Items from a data source:
________________
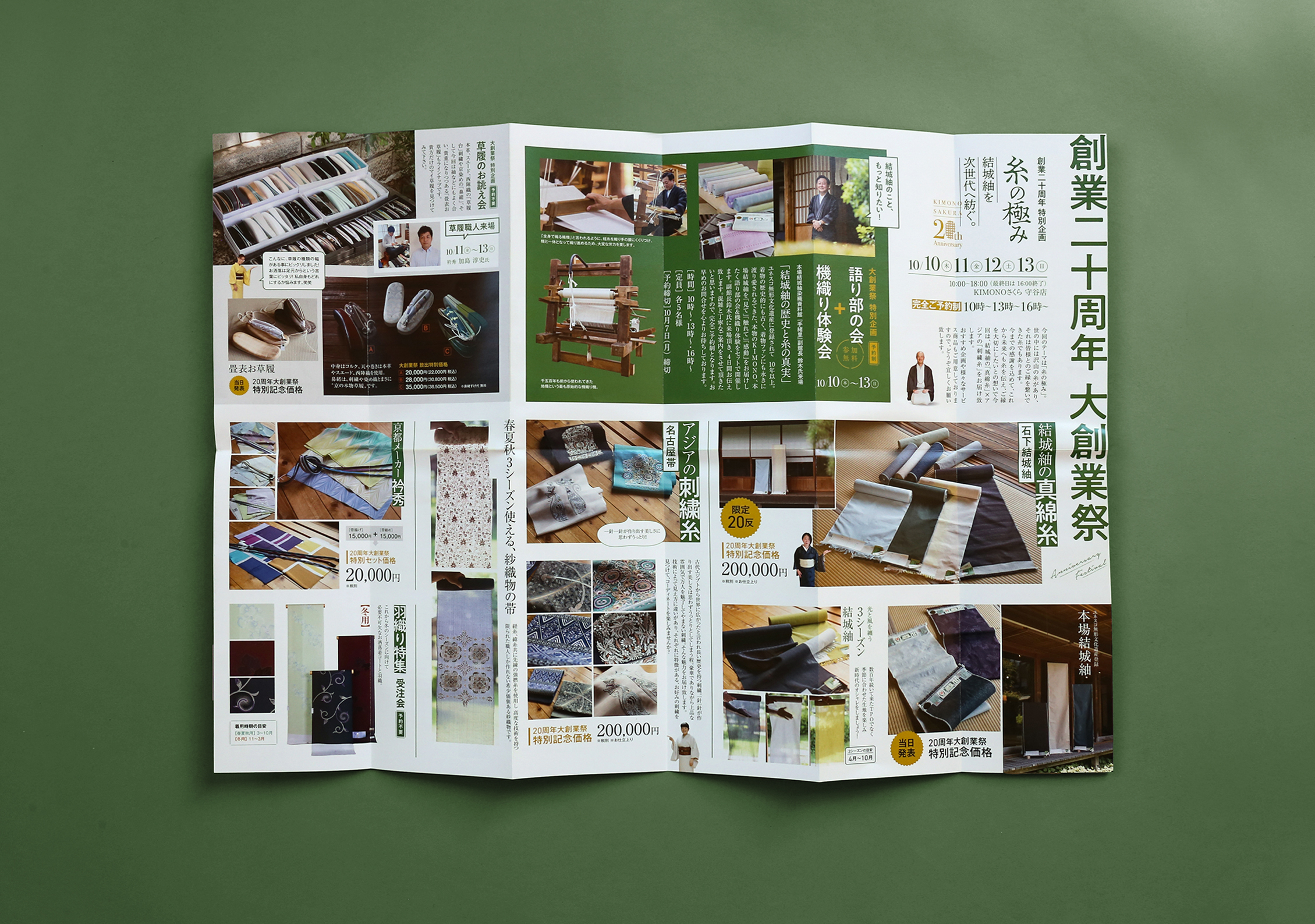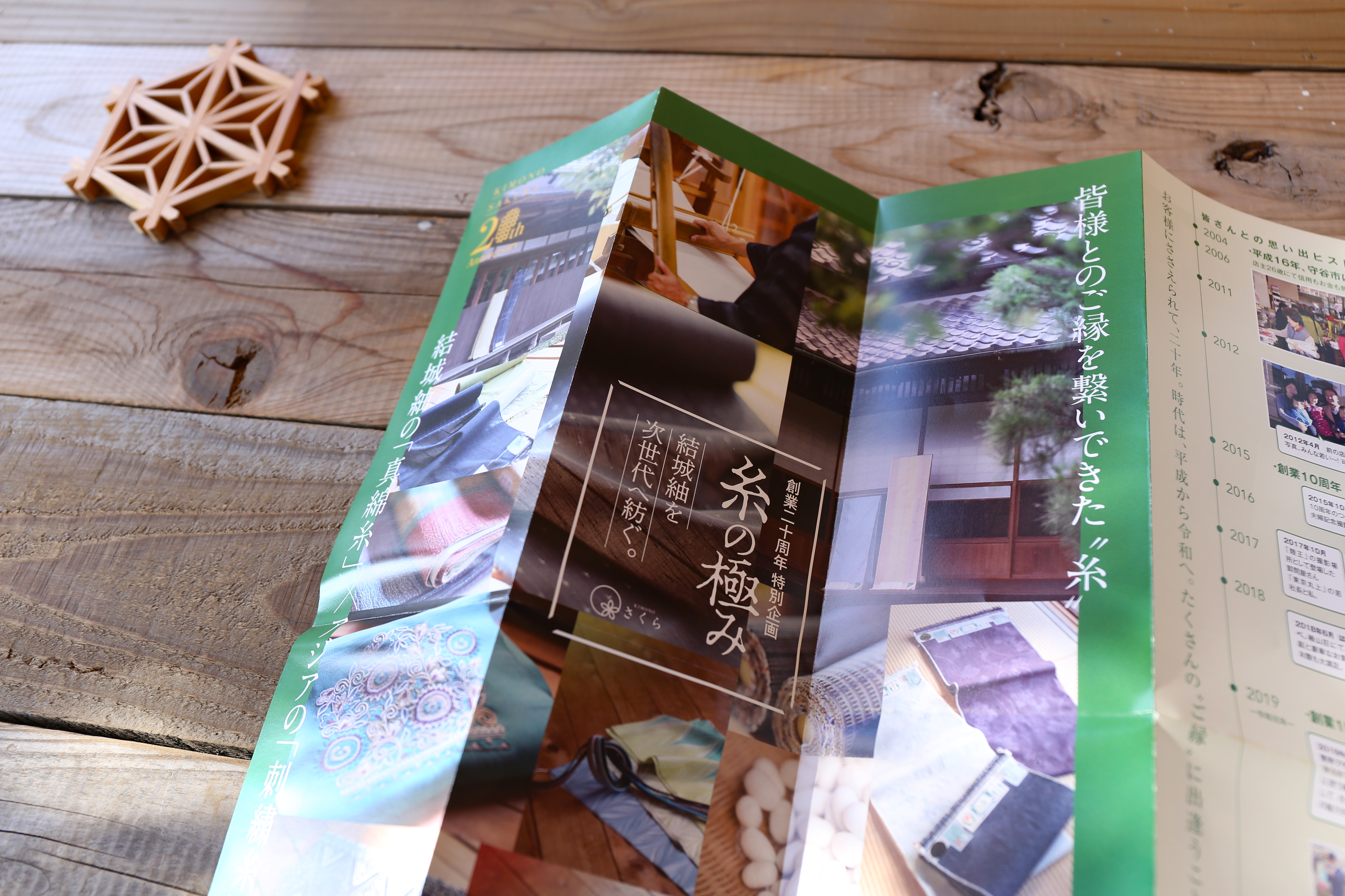 結城紬の真綿糸、アジアの刺繍糸など、糸をテーマにした呉服店の創業祭イベント告知。
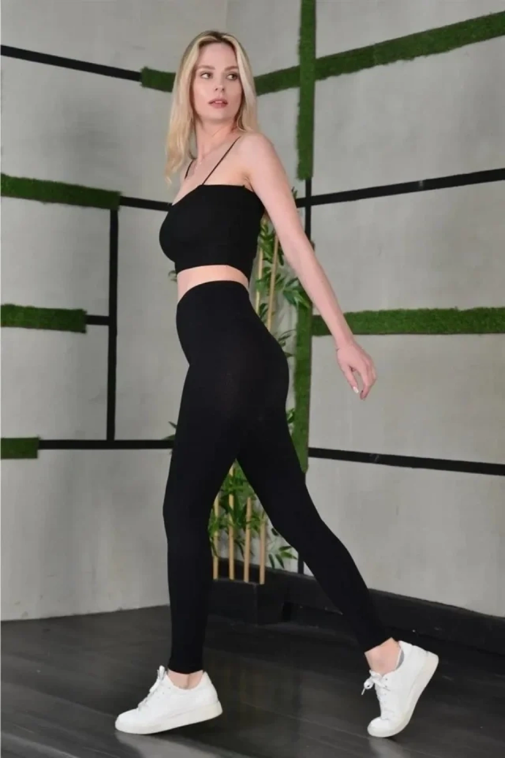 Full Likra Extra Toparlayıcı Yüksek Bel Dar Kalıp Günlük Spor Tayt - Siyah
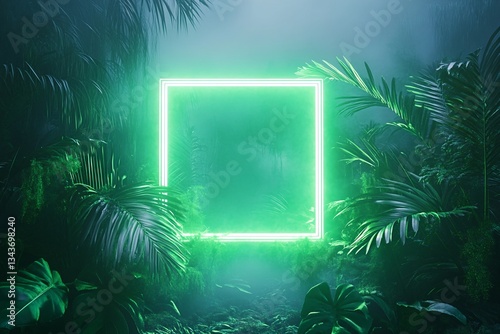 neon, square, frame, green, tropical, foliage, plant, leaf, palm, jungle, fog, hazy, atmosphere, digital, rendering, lighting, glow, bright, dark, scene, background, nature, environment, abstract, modern, graphic, design, element, illustration, image, visual, artwork, template, three-dimensional, render, space, empty, border
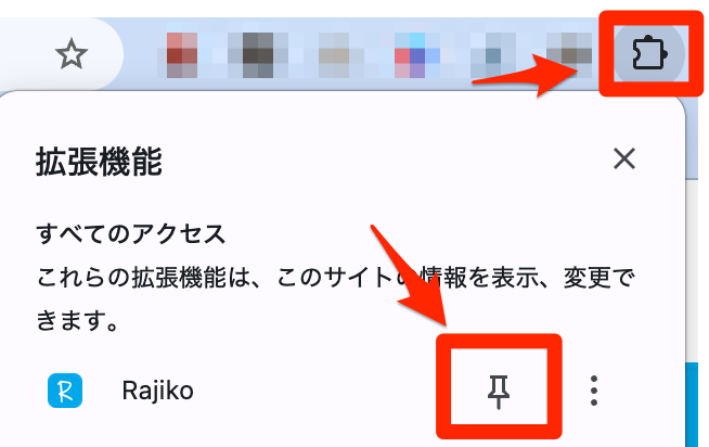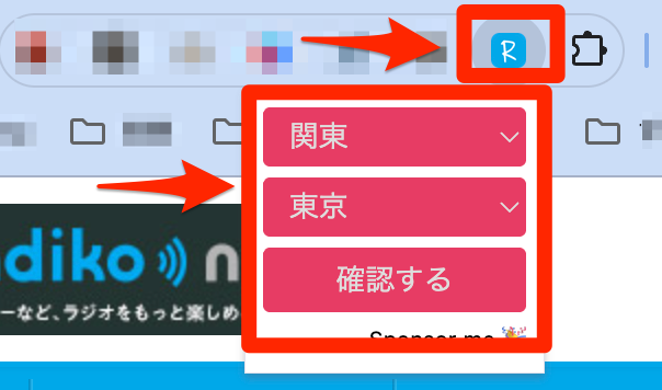 ブラウザのツールバーにあるrajikoのアイコンをクリックすると、地域を選択できるようになります。
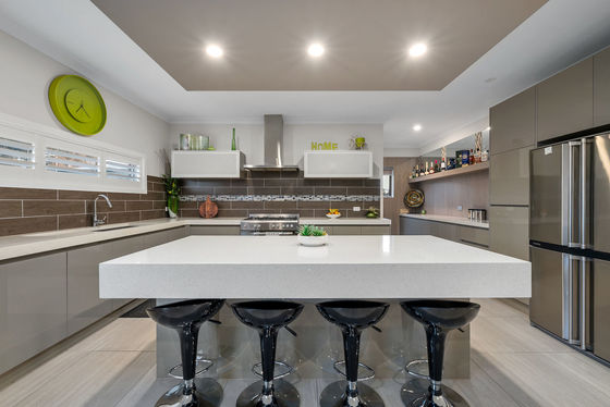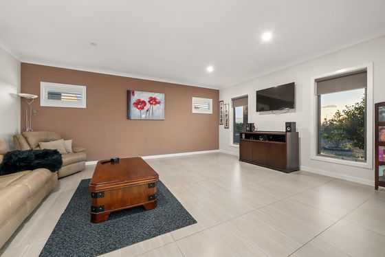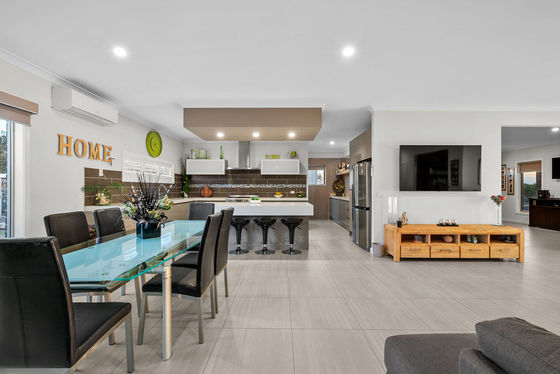 Entering the home you are met with a large open space, to the right sits the formal lounge room, with plenty of space on offer for the whole family to utilise, while this leads you into the massive open plan living and dining area. With an abundant of space on offer this area creates an ideal spot for entertaining family, friends and guests, the Conara is perfect for winter nights, while the split system provides complete climate control year-round. This is overseen by the absolutely stunning kitchen, with feature upgrades all the way throughout including huge slab of stone covering your island bench while the remaining benches varies between 40mm and 60mm, 900mm appliances, ample bench space and cabinetry, drop ceiling. This is further enhanced by the huge walk-in pantry leading you into another space with heaps of bench space and more cabinetry.
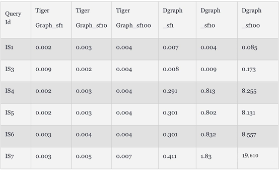 简单交互查询(IS)系列中有7个查询,Dgraph未能完成查询IS2。表5.2给出了在SF-1、SF-10和SF-100数据集上Dgraph和TigerGraph完成剩余6个查询上的响应时间。
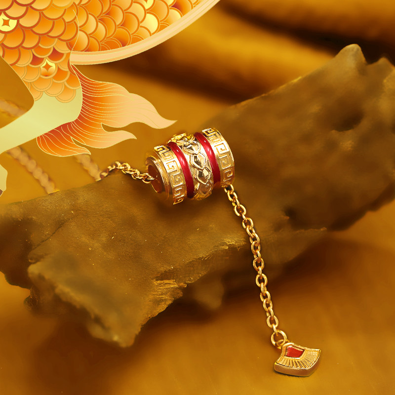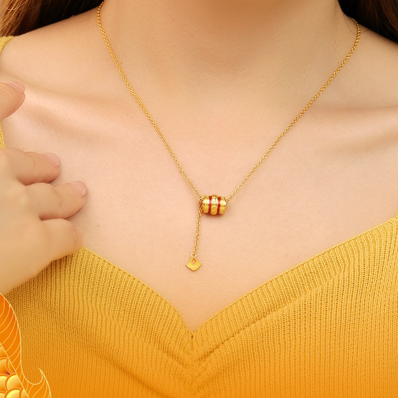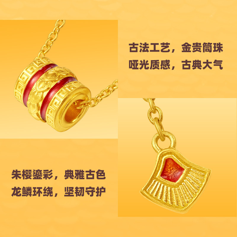 老庙黄金足金999古法富富有余红鎏彩龙鳞筒珠Y字项链守护黄金甲
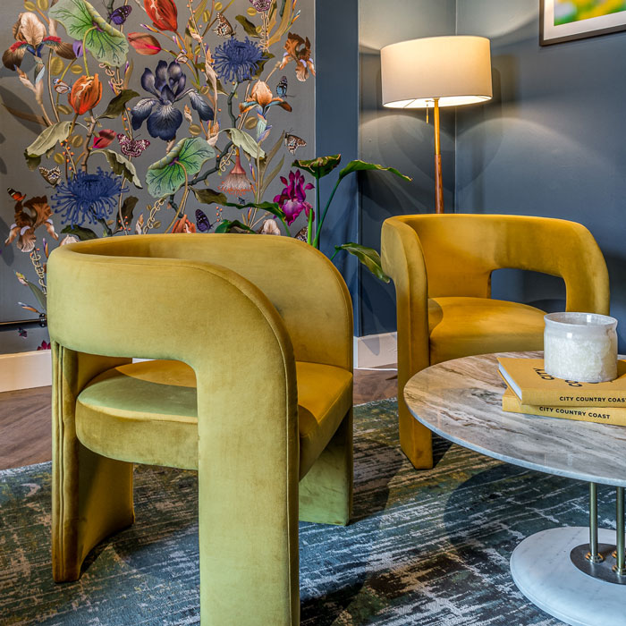 The bespoke Lara lounge chair looks fantastic in this beautiful ochre yellow velvet from Agua Fabrics – it’s a real statement piece that works brilliantly against the bold botanical wall covering.
________________
Work request: The entries must be repeated exactly. Leave the images out.

Task solution:
 結城紬の真綿糸、アジアの刺繍糸など、糸をテーマにした呉服店の創業祭イベント告知。
 Full Likra Extra Toparlayıcı Yüksek Bel Dar Kalıp Günlük Spor Tayt - Siyah
 neon, square, frame, green, tropical, foliage, plant, leaf, palm, jungle, fog, hazy, atmosphere, digital, rendering, lighting, glow, bright, dark, scene, background, nature, environment, abstract, modern, graphic, design, element, illustration, image, visual, artwork, template, three-dimensional, render, space, empty, border
 ブラウザのツールバーにあるrajikoのアイコンをクリックすると、地域を選択できるようになります。
 Entering the home you are met with a large open space, to the right sits the formal lounge room, with plenty of space on offer for the whole family to utilise, while this leads you into the massive open plan living and dining area. With an abundant of space on offer this area creates an ideal spot for entertaining family, friends and guests, the Conara is perfect for winter nights, while the split system provides complete climate control year-round. This is overseen by the absolutely stunning kitchen, with feature upgrades all the way throughout including huge slab of stone covering your island bench while the remaining benches varies between 40mm and 60mm, 900mm appliances, ample bench space and cabinetry, drop ceiling. This is further enhanced by the huge walk-in pantry leading you into another space with heaps of bench space and more cabinetry.
 简单交互查询(IS)系列中有7个查询,Dgraph未能完成查询IS2。表5.2给出了在SF-1、SF-10和SF-100数据集上Dgraph和TigerGraph完成剩余6个查询上的响应时间。
 老庙黄金足金999古法富富有余红鎏彩龙鳞筒珠Y字项链守护黄金甲
 The bespoke Lara lounge chair looks fantastic in this beautiful ochre yellow velvet from Agua Fabrics – it’s a real statement piece that works brilliantly against the bold botanical wall covering.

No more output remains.